Accordingly, this Court is of the opinion that the appellant is entitled to enhancement of the compensation in terms of the calculation made above. Hence, the appellant is entitled to an enhanced compensation of Rs. 8,29,764/-. 16. In terms of the interest awarded by the learned Tribunal, the appellant continues to be entitled to interest @ 7% on the aforesaid amount from 09.03.2017 being the date of the filing of the claim petition till the payment of the enhanced award. 17. The respondent No.1 i.e. United India Insurance Co. Ltd. is directed to deposit the revised/enhanced award before the Registry of this Court within a period of one month from the date of this order. The respondent No. 1 is entitled to adjust no fault liability as well as the amount of award already paid to the appellant.
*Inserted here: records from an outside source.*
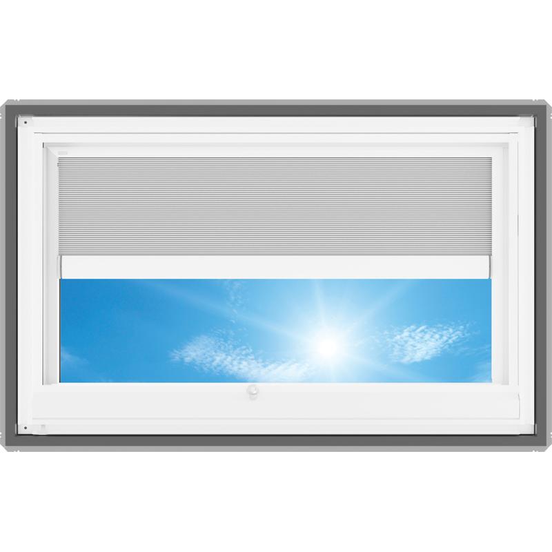 • Room darkening shades (color: white) allows you to control the amount of light and improve the skylight’s energy efficiency.
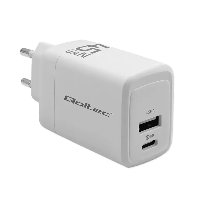 Ładowarka sieciowa Qoltec 45W GaN | 5-20V | 1.5-3A | 1xUSB-C PD | 1xUSB QC to ładowarka. Zapewnia szybkie i bezpieczne ładowanie urządzeń mobilnych.
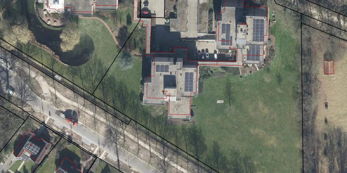 Het perceel waarop Frerikshof 92 staat heeft een oppervlakte van 1,2 ha. Dit is een zeer groot perceel. De perceeloppervlakte wordt geregistreerd door het Kadaster. Gedetailleerde informatie over de maten van dit perceel kunt u vinden in het rapport Kadastrale kaart met maatvoering van Frerikshof 92.
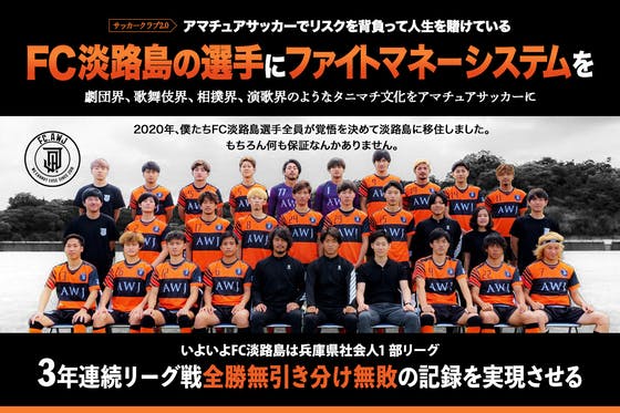 おかげ様で前回のクラファンで有言実行!創立1年半で全国制覇することができました。ありがとうございます。FC淡路島7年でJリーグ昇格、負けたら撤退!2020年度兵...
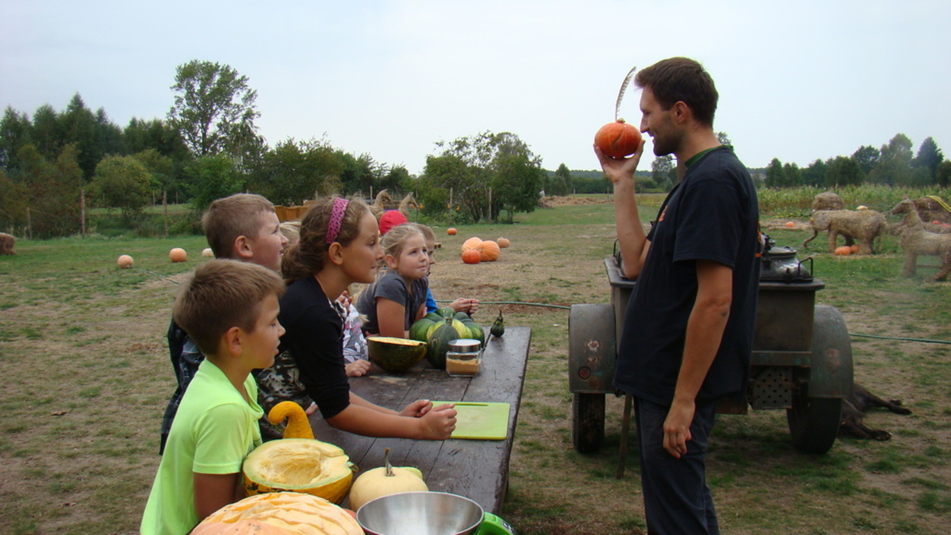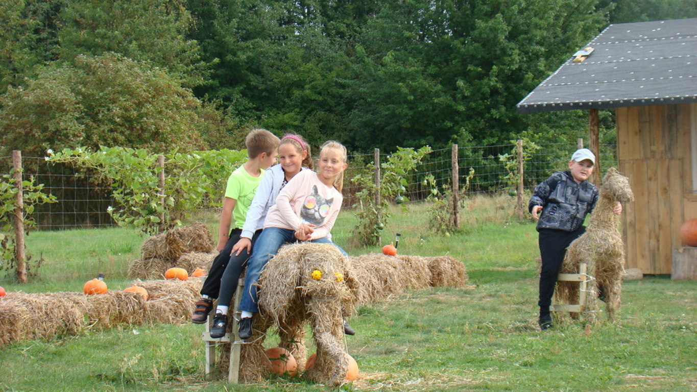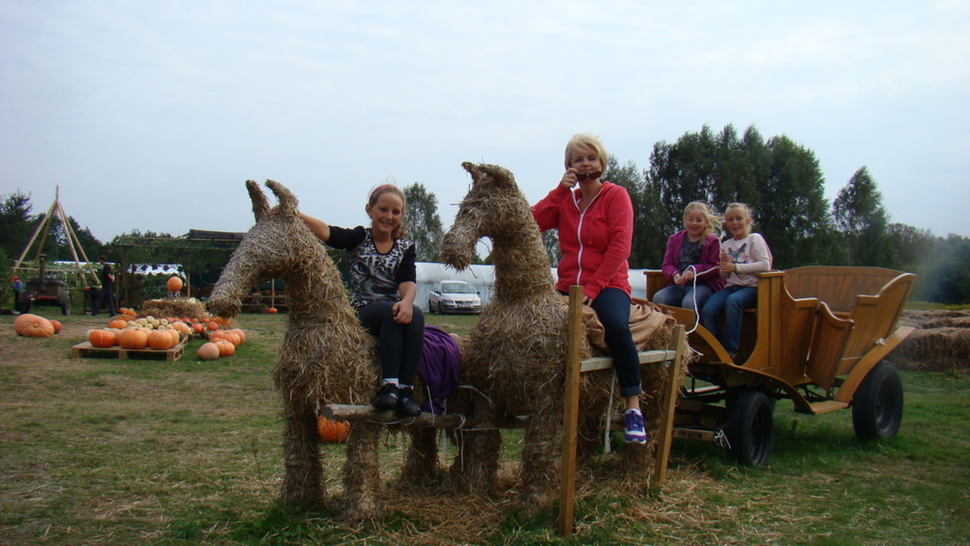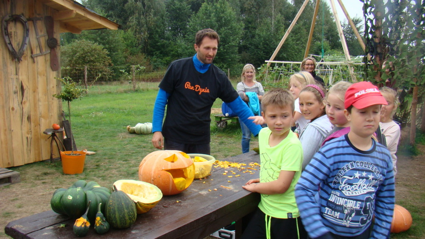Jeśli komuś dynia kojarzy się wyłącznie z Halloween , ten koniecznie powinien odwiedzić pomarańczową krainę tysiąca dyń o wdzięcznej nazwie Dynioland. My odwiedziliśmy to miejsce 11 września 2014 roku i przekonaliśmy się, że świat dyń ma wiele odsłon. Podczas 3,5 godzinnego pobytu mogliśmy zobaczyć i dotknąć ponad 40 gatunków dyń z całego świata. Na dzieci czekało wiele atrakcji m.in. labirynty w słomie i na polu kukurydzy, w których poszukiwaliśmy ukrytych dyń. Największą atrakcją okazało się mini ZOO – to słomiane pełniące rolę placu zabaw i to prawdziwe, w którym karmiliśmy koźlątka i króliki. Gospodarze zadbali również o nasze brzuszki i przygotowali dla nas zupę z dyni, prażone pestki dyni oraz frytki oczywiście też z dyni. Pobyt na Farmie zakończyliśmy ogniskiem z pieczeniem kiełbasek.

Out of the enhanced award, the sum of Rs.5,00,000/- (Rupees five lakh only) may be kept in a fixed deposit account in a Nationalized Bank situated in the home town of the appellant separately @ Rs. 2,50,000/- (Rupees two lakh fifty thousand only) each in the name of the appellant No. 1 and 2 for the period of three years with arrangement of payment of interest on monthly and quarterly basis, if the appellant so desire. The balance amount may be released to the appellant No. 1 on being identified by the learned counsel for the appellant No. 1. 18. Accordingly, this appeal stands allowed by enhancing the award to the extent as indicated above. 19. The parties are left to bear their own cost. 20. Let the LCR be returned forthwith.